B.     The LISSY System

LISSY, the system that allows users to access the LIS microdata, resides on a separate Windows network at the LIS office.  Users send job instructions (programs) to LISSY via e-mail.  LISSY processes the programs and e-mails the output back to the user.

E-mails sent to LISSY are standard SPSS, SAS, or Stata batch programs (MS‑Windows versions of SPSS 11.5, SAS 9.1.3, and Stata 9.2) with a program‑specific header that allows the LISSY system to process the user request.  In order to ensure data confidentiality, a few exceptions or modifications to the user’s programming style may be needed for the LISSY system to process the user request.  Language‑specific details are described for each of the three programming languages later in this document.

1.      Registration

In order for the LISSY system to accept a job request, a prior registration with LIS is mandatory. A user obtains an account and a password after signing a pledge stating that a LIS user will abide by the rules for accessing data and publishing results. This form (the User Registration Form) is available on the LIS web site (see http://www.lisproject.org/introduction/userform.htm). Registration will not be finalised until LIS receives a signed copy via fax (+352 26 00 30 30) or by regular mail addressed to:

Caroline de Tombeur

Luxembourg Income Study

17, rue des Pommiers

L-2343 Luxembourg

Grand-Duchy of Luxembourg

Please note that as of 2007, registration must be updated annually (at the 1st of each year).  However, once the initial pledge has been signed, re‑registration is simply a matter of updating information and must be done over the Internet 
(See http:www.lisproject.org/dataccess/renewal.htm).

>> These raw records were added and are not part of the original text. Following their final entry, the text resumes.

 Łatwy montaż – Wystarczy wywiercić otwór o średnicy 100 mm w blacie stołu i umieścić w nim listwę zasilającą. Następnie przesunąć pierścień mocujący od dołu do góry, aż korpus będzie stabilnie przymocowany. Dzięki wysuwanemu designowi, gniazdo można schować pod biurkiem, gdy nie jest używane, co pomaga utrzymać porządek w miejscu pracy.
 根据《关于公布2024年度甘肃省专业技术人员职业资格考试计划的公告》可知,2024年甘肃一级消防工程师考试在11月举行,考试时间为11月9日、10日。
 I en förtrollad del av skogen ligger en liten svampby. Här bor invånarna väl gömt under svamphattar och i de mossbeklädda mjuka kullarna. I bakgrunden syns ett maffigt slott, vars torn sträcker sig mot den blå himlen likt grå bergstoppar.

2.      General information

Job requests must be submitted by e-mailing LISSY at postbox@lisproject.org.  Jobs are processed by LISSY and the output is returned to the user at the e-mail address recorded while registering as a LIS user.  (Please note that output will be returned to the e-mail address registered with LIS, even if you sent your job request from a different mail account.  Upon request, the e‑mail address LISSY uses can be temporarily or permanently updated.)

Processing time varies and depends on the number of job submissions being processed at one time as well as the complexity of the jobs being sent.  As a rule of thumb, a LIS user may expect results within one hour.  If the number of jobs in our system is low, listings can be back within minutes.  Maintenance on the LIS system will cause longer delays.  The LIS team does not guarantee that your job will be returned within any fixed time period, nor do we accept responsibility in case output does not return within the user’s expected time period.  However, please feel free to contact user support (usersupport@lisproject.org) if your job is taking much longer than expected.

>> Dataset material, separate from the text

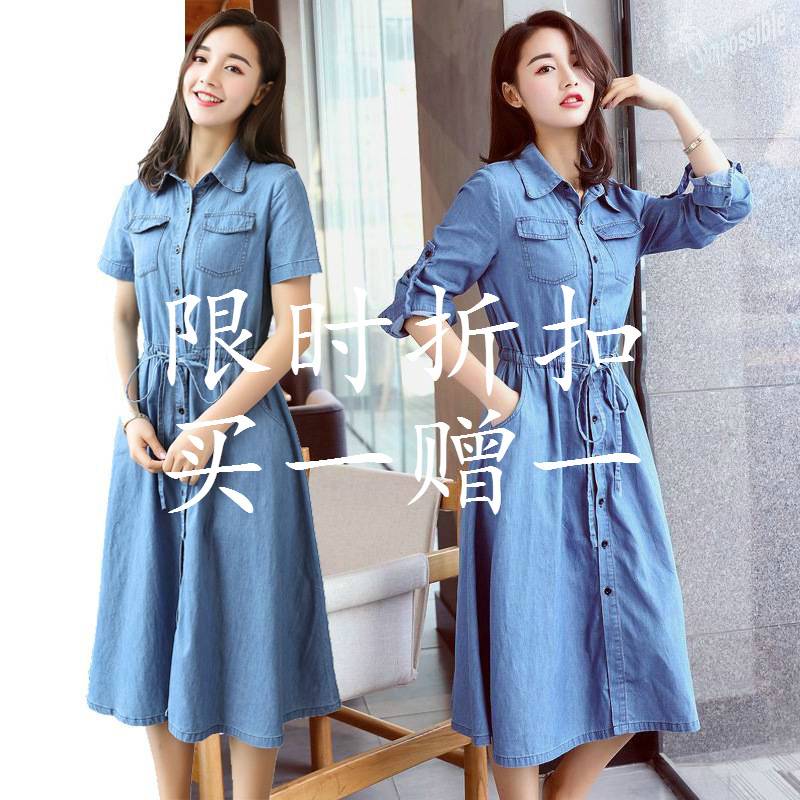 新款牛仔长裙2019春季新款女装韩版宽松中长款长袖衬衫牛仔连衣裙

3.      Some important information about the LISSY system

a)      Data Security

(1)   LIS Security Review

LISSY is programmed to direct all suspect output (i.e., any output that may potentially reveal individual or household identifying information) to LIS staff for review.  Users should take care to avoid program commands and output that will lead to a review.  As these listings have to be examined manually, this not only means an additional burden for the LIS team, it also causes longer delays for you to receive your results.  In addition, individuals whose programs are routinely directed to LIS security review may have their accounts revoked.  We ask that you adhere to the following programming rules in order to avoid the security review.

(2)   Printing or listing individual data is prohibited

In order to maintain confidentiality of the survey participants in the LIS/LWS/LES microdata, LISSY will not accept any program commands that allow users to examine individual records or small aggregated groups.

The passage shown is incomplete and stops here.